Die Abgrenzung zwischen Thoracic-outlet- und Thoracic-inlet-Syndrom ist in der Literatur nicht einheitlich.
Epidemiologie
Die Inzidenz wird auf etwa 2–4 Fälle pro 100.000 Einwohner und Jahr geschätzt. Das neurogene TOS macht etwa 90–95 % aller Fälle aus, während arterielle und venöse Formen deutlich seltener sind. Frauen sind häufiger betroffen als Männer.
Ätiologie
Mögliche Ursachen eines TOS sind:
- angeborene anatomische Varianten
- Halsrippen
- fibröse Bänder
- Processus transversus elongatus des 7. Halswirbels
- erworbene Ursachen
- muskuläre Hypertrophie (z.B. bei Leistungssportlern)
- Kallus nach Klavikulafraktur
- Haltungsschäden
- traumatische Auslöser
Symptomatik
Die Symptome sind abhängig von den betroffenen Leitungsbahnen.
Neurogenes Thoracic-outlet-Syndrom
Der neurologische Befund hängt von den betroffenen Faserbahnen ab. Typisch sind:
- Parästhesien des gesamten Arms mit Hyperhidrose (häufig nachts)
- Kältegefühl
- Schulterschmerzen, in den Arm ausstrahlend
- Sensibilitätsstörungen
- Muskelschwäche
- Paresen und Atrophie einzelner Muskelgruppen (selten)
Die Beschwerden können intermittierend oder dauerhaft auftreten.
Arterielles Thoracic-outlet-Syndrom
Eine arterielle Kompression äußert sich durch Symptome wie:
- Muskelschwäche
- Schmerzen
- Blässe und Minderperfusion mit Kältegefühl in der Hand
Langfristig kann eine kompensatorische Erweiterung von Kollateralgefäßen auftreten.

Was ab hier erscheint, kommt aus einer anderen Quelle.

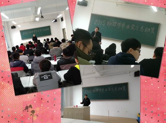 2018年12月25日中午13:00,2015级应用物理学专业毕业实习动员大会在西教4号楼312教室如期召开。本次毕业实习指导教师冯旺军教授,王向贤副教授和张晓锋博士3名老师以及2015级应用物理学全班48名同学参加。
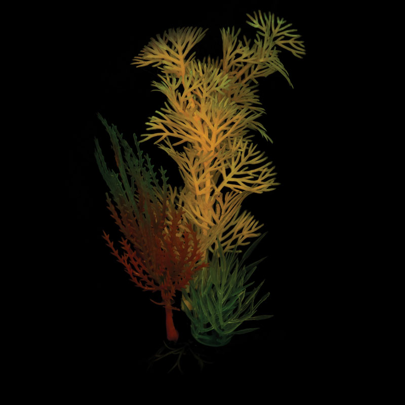 Растения - это не только завершающий штрих в оформлении, но и необходимый атрибут любого аквариума. Они придают трехмерность внутреннему пространству аквариума, а также служат дополнительным укрытием для небольших рыб, отвечая тем самым не только за эстетику, но и принося обитателям аквариума реальную пользу. Неоспоримое преимущество искусственных растений в том, что в них не заводятся паразиты и грибки, их легко мыть и дезинфицировать, и прослужат они неизмеримо дольше, чем живые растения. Изготовленное из нетоксичного пластика, светящееся растение для аквариума с тяжелой керамической подставкой подойдет для оформления любых типов пресноводных аквариумов. В состав пластика входит люминофор, который в течение светового дня накапливает энергию, а в темноте начинает ее отдавать, в результате чего от растений исходит фосфоресцирующее сияние.

Venöses Thoracic-outlet-Syndrom
Eine Behinderung des Blutflusses durch eine venöse Kompression zeigt sich häufig durch:
- Zyanose
- Spannungsgefühl
- Schwellung von Hand und Arm
Diagnostik
Die Diagnostik umfasst u.a.:
- Anamnese und Schmerzanamnese
- klinische Untersuchung und Funktionsdiagnostik
- Provokationstests (Adson-Test, Roos-Test, Wright-Test, Eden-Test)
- Erhebung des Gefäßstatus und des neurologischen Status
- Bildgebung (z.B. Dopplersonografie, Röntgen, CT-Angiografie, MRT)
Differenzialdiagnosen
Die Diagnose TOS gilt als Ausschlussdiagnose. Viele Erkrankungen äußern sich im Frühstadium durch unspezifische Symptome wie Parästhesien oder Sensibilitätsstörungen. Deshalb ist eine umfassende Anamneseerhebung essenziell. Die wichtigsten Differenzialdiagnosen sind:
- zervikale Radikulopathien
- Karpaltunnelsyndrom
- Incisura-Scapulae-Syndrom
- milde Formen der zervikalen Dystonie
- Neuralgische Schulteramyotrophie
- Tumore im Verlauf des Plexus brachialis
- Akromioklavikuläre Osteoarthritis
- Dyskinesien des Schulterblatts
- Complex Regional Pain Syndrome
- Tendinitis des Musculus biceps brachii
- Kompressionssyndrom des Nervus ulnaris (v.a. Loge-de-Guyon-Syndrom und Ulnarisrinnensyndrom)
- Pancoast-Tumor
- Fibromyalgie-Syndrom
Transiente Symptome eines TOS können bei Sportlern oder nach körperlicher Arbeit mit stereotypen Bewegungsmustern (z.B. Schwimmen oder Holzhacken) auftreten.
Therapie
Konservativ
Grundsätzlich kommt eine Kombination verschiedener Ansätze in Betracht:
- Physiotherapie (z.B. Nervenmobilisierung, Haltungsschulung)
- Ergotherapie
- Muskelkräftigung der Schulter- und Nackenmuskulatur
- Schmerztherapie
Operativ
Eine operative Behandlung des TOS gilt als komplex und wird deshalb meist erst nach Ausschöpfung konservativer Behandlungsmethoden sowie bei nachweisbaren Gefäßveränderungen oder drohender Nervenschädigung empfohlen.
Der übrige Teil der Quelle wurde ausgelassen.